The California Native Plant Society, not surprisingly, leads the charge on this celebration. CNPS has posted seven inspiring videos on Californians who are "enriching lives and landscapes with native plants." One of the videos focuses on Sacramento's own Miridae Landscape Design and founder Billy Krimmel's home garden. Check out all the videos here .
CNPS also is the driving force behind the Bloom! California partnership with local nurseries around the state. In Sacramento, The Plant Foundry at 35th and Broadway is participating in the program; the informative booklet produced by Bloom! California is available there.
The booklet is a great guide to easy-to-grow California natives that do well in all areas of the state, including clarkia, currants, phacelia, sage, toyon and yarrow. These natives and others also provide crucial habitat for birds, bees, butterflies and other pollinators and wildlife.

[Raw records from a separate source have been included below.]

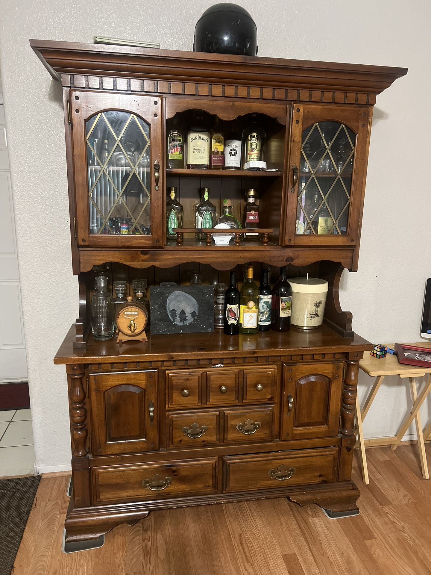 Wood bar, glass cabinets on the sides. Storage space on bottom.
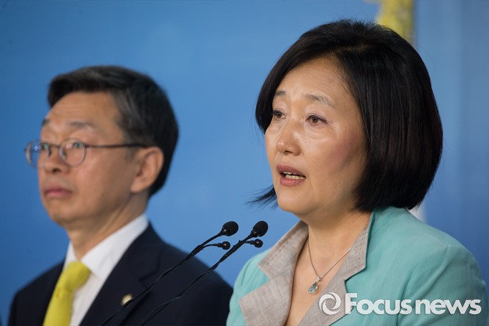 (서울=포커스뉴스) 16일 오전 서울 여의도 국회 정론관에서 박영선 더불어민주당 의원이 가습기 살균제 피해와 같은 대기업의 반사회적 불법행위를 막기 위한 '징벌적 배상법' 제정안 발의에 대한 기자회견을 하고 있다.
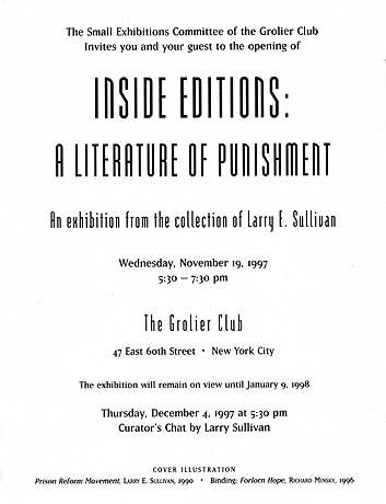Invitation to Inside Editions exhibition opening at The Grolier Club, November 19, 1997. 7 1/4" x 5 1/2"
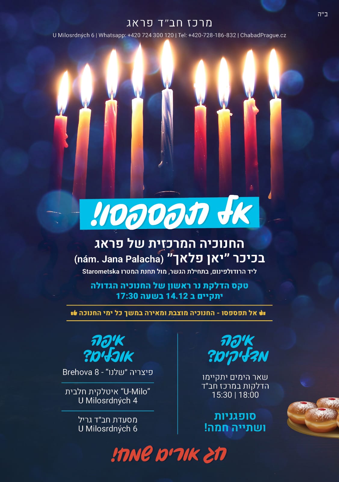 If you’ve found a malfunction or have ideas for improvement, we’ll be happy to hear from you. You can reach out to the website’s operators by using the following email info@chabadprague.cz
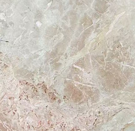 Breccia Aurora Marble displays a softly blended composition of warm beige, pale blush, and muted ivory, interwoven with diffuse veining and fragmented brecciated forms. Subtle washes of pink and faint green-gray move across the surface, giving the stone a layered, almost painterly quality with gentle variation rather than sharp contrast.
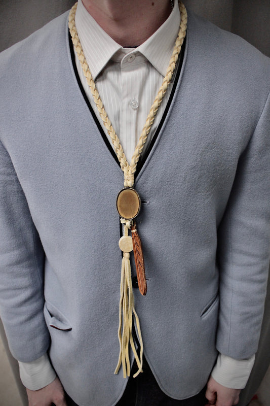 Isamu Katayama “BACKLASH” Feather & Horn Pendant Deerskin Leather Necklace
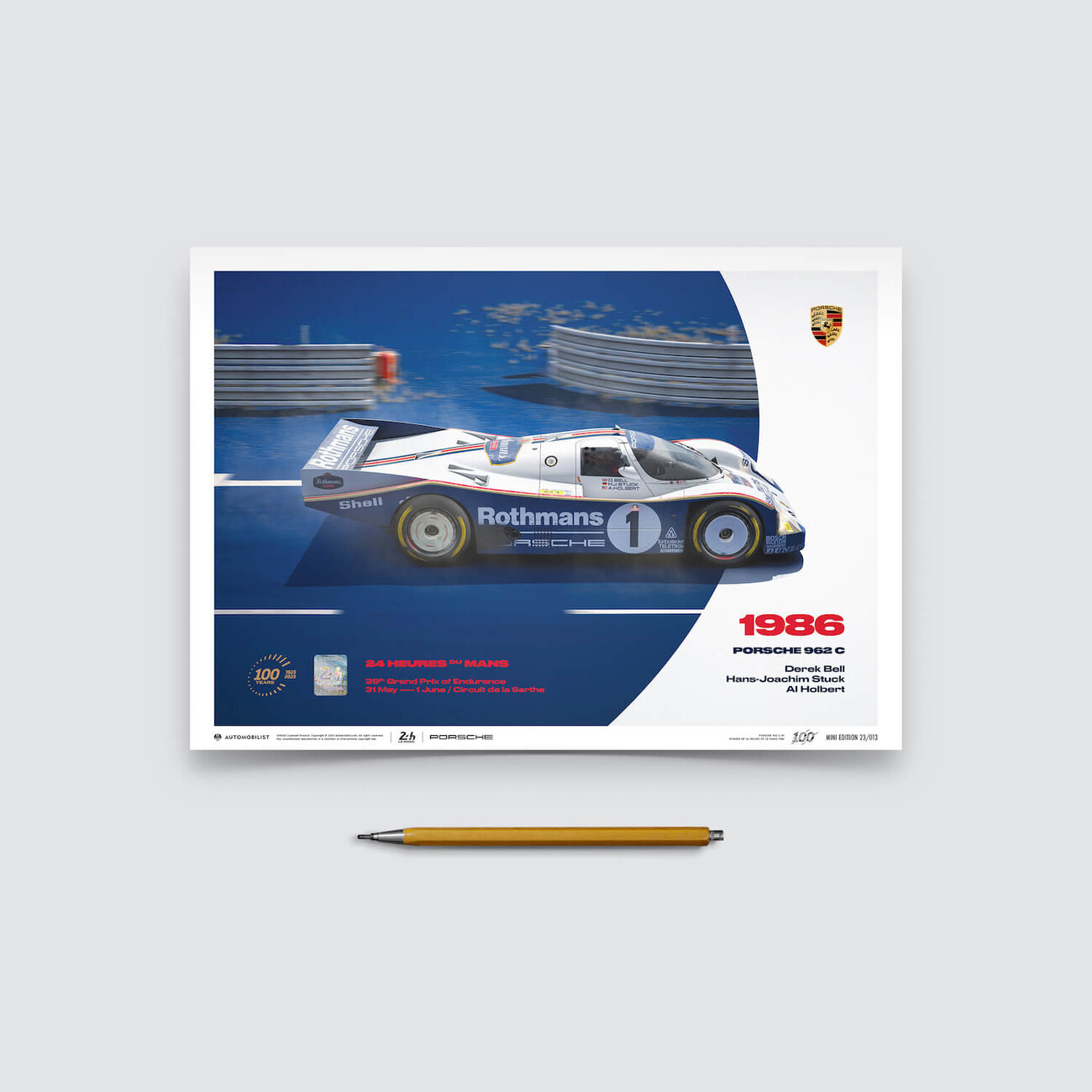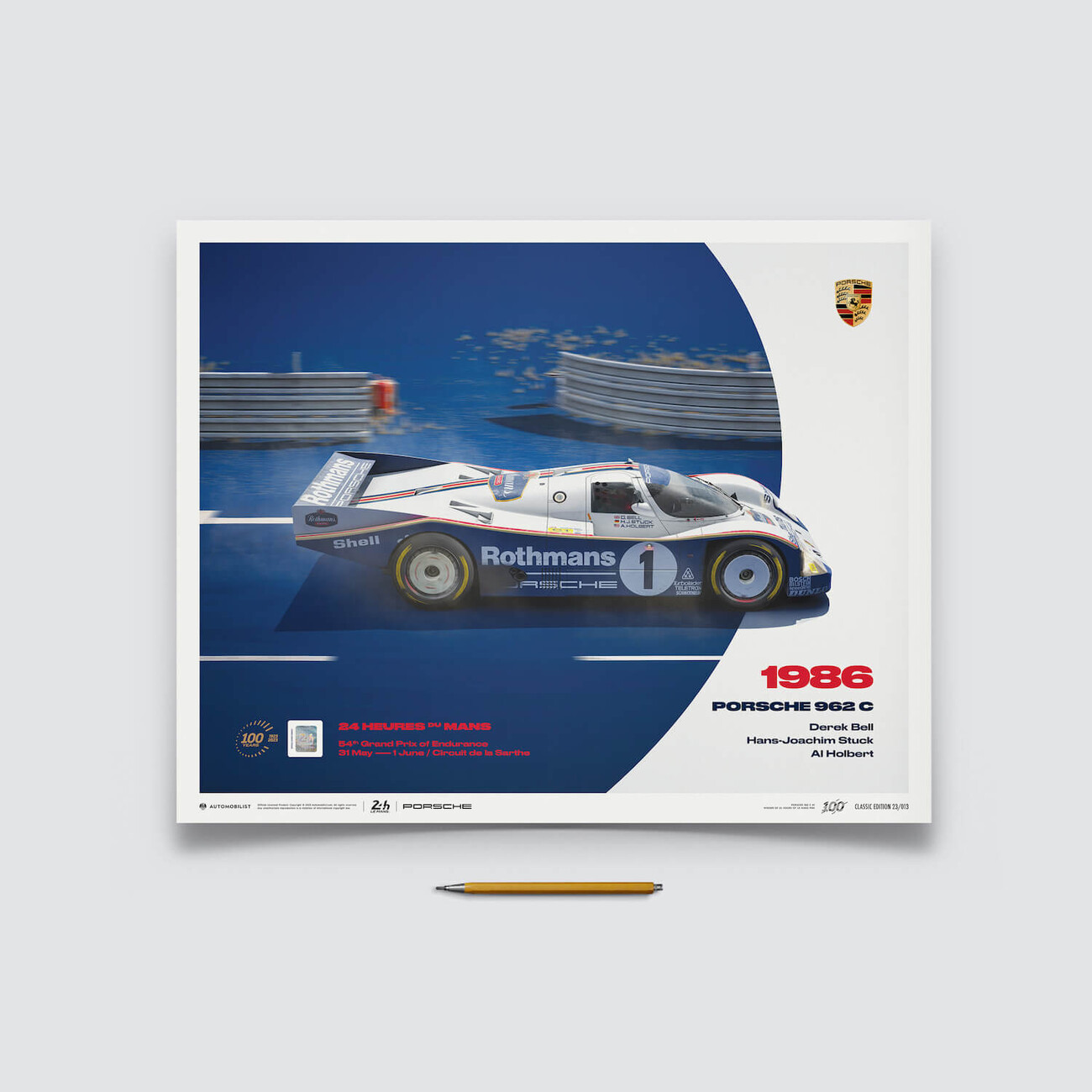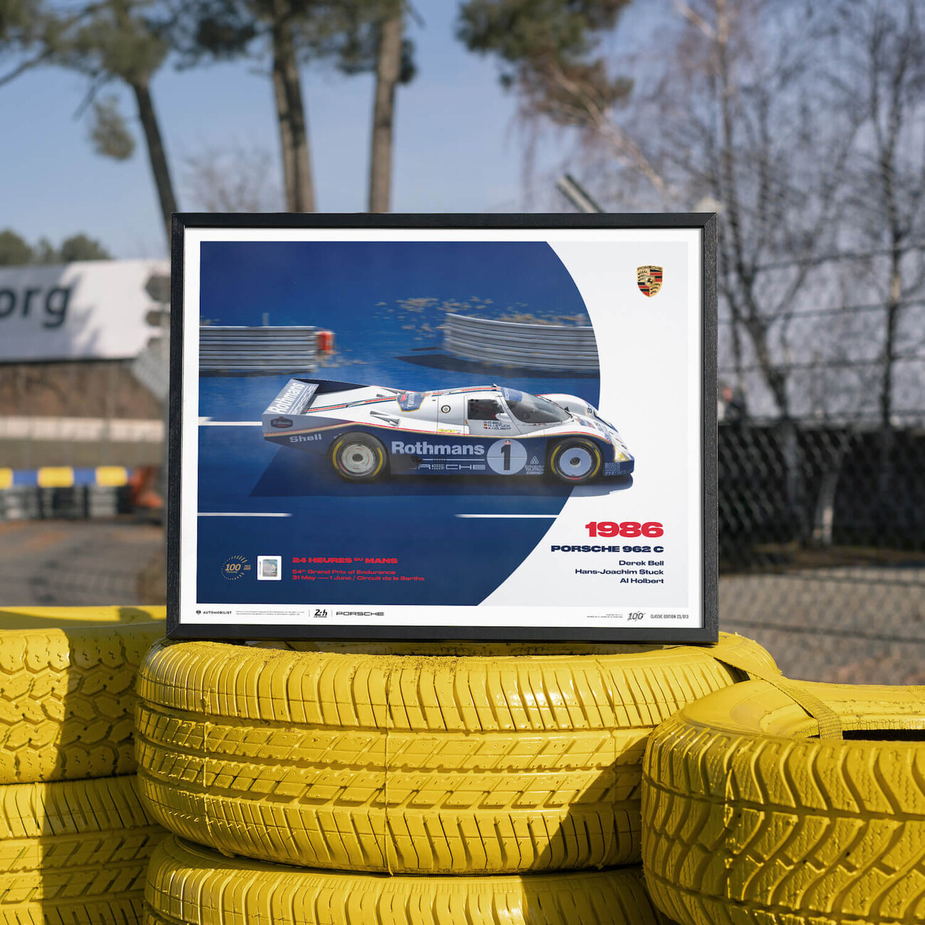 Not only was the 962 C a beast of a car, but it was also a thing of beauty. Equipped with the Type-935 2.6L Turbo Flat-6 engine producing a staggering 620 bhp (462 kW), the car was capable of top speeds a little shy of 350 km/h (217 mph). The blue and white Rothman's livery is also widely acknowledged as one of the prettiest of all time, cementing the car's legendary status. Our tribute poster to the Porsche 962 C captures the car's legendary design at high speeds around the Circuit de la Sarthe, making it a must-have for any endurance racing enthusiast.
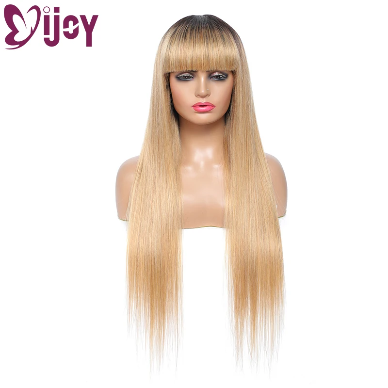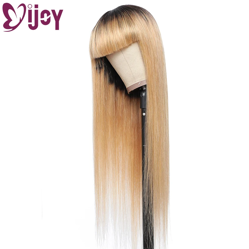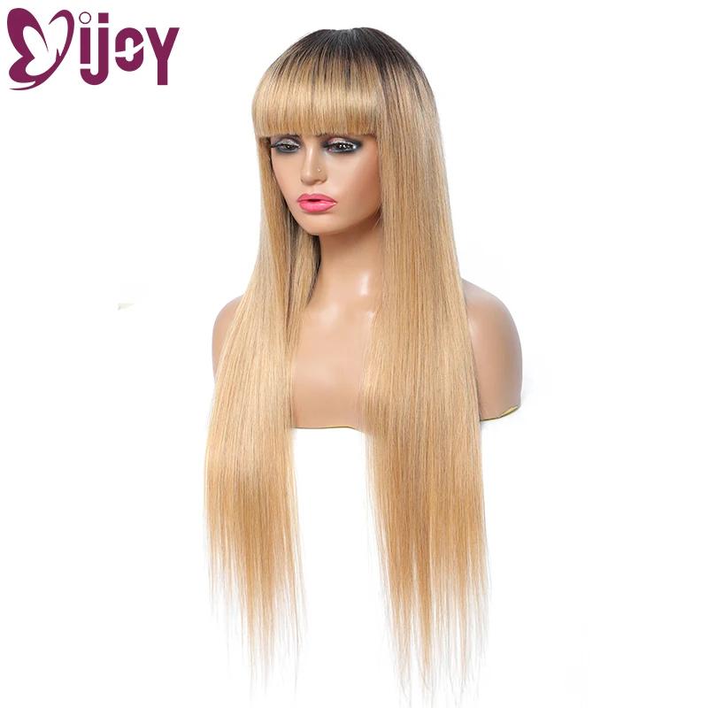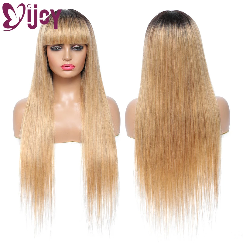 Прямые парики Omber Honey блонд из человеческих волос с челкой, бразильский парик без клея для чернокожих женщин IJOY

Celebrate the plants that are at home in our backyards and our wildlands -- and try planting some new ones this month.
-- Kathy Morrison
P.S. In addition to The Plant Foundry, great sources locally for native plants are the various master gardener plant sales and the UC Davis Arboretum Teaching Nursery plant sales. April 30 is the date for both the El Dorado County master gardener sale of ornamentals and the final Arboretum Nursery sale of the spring.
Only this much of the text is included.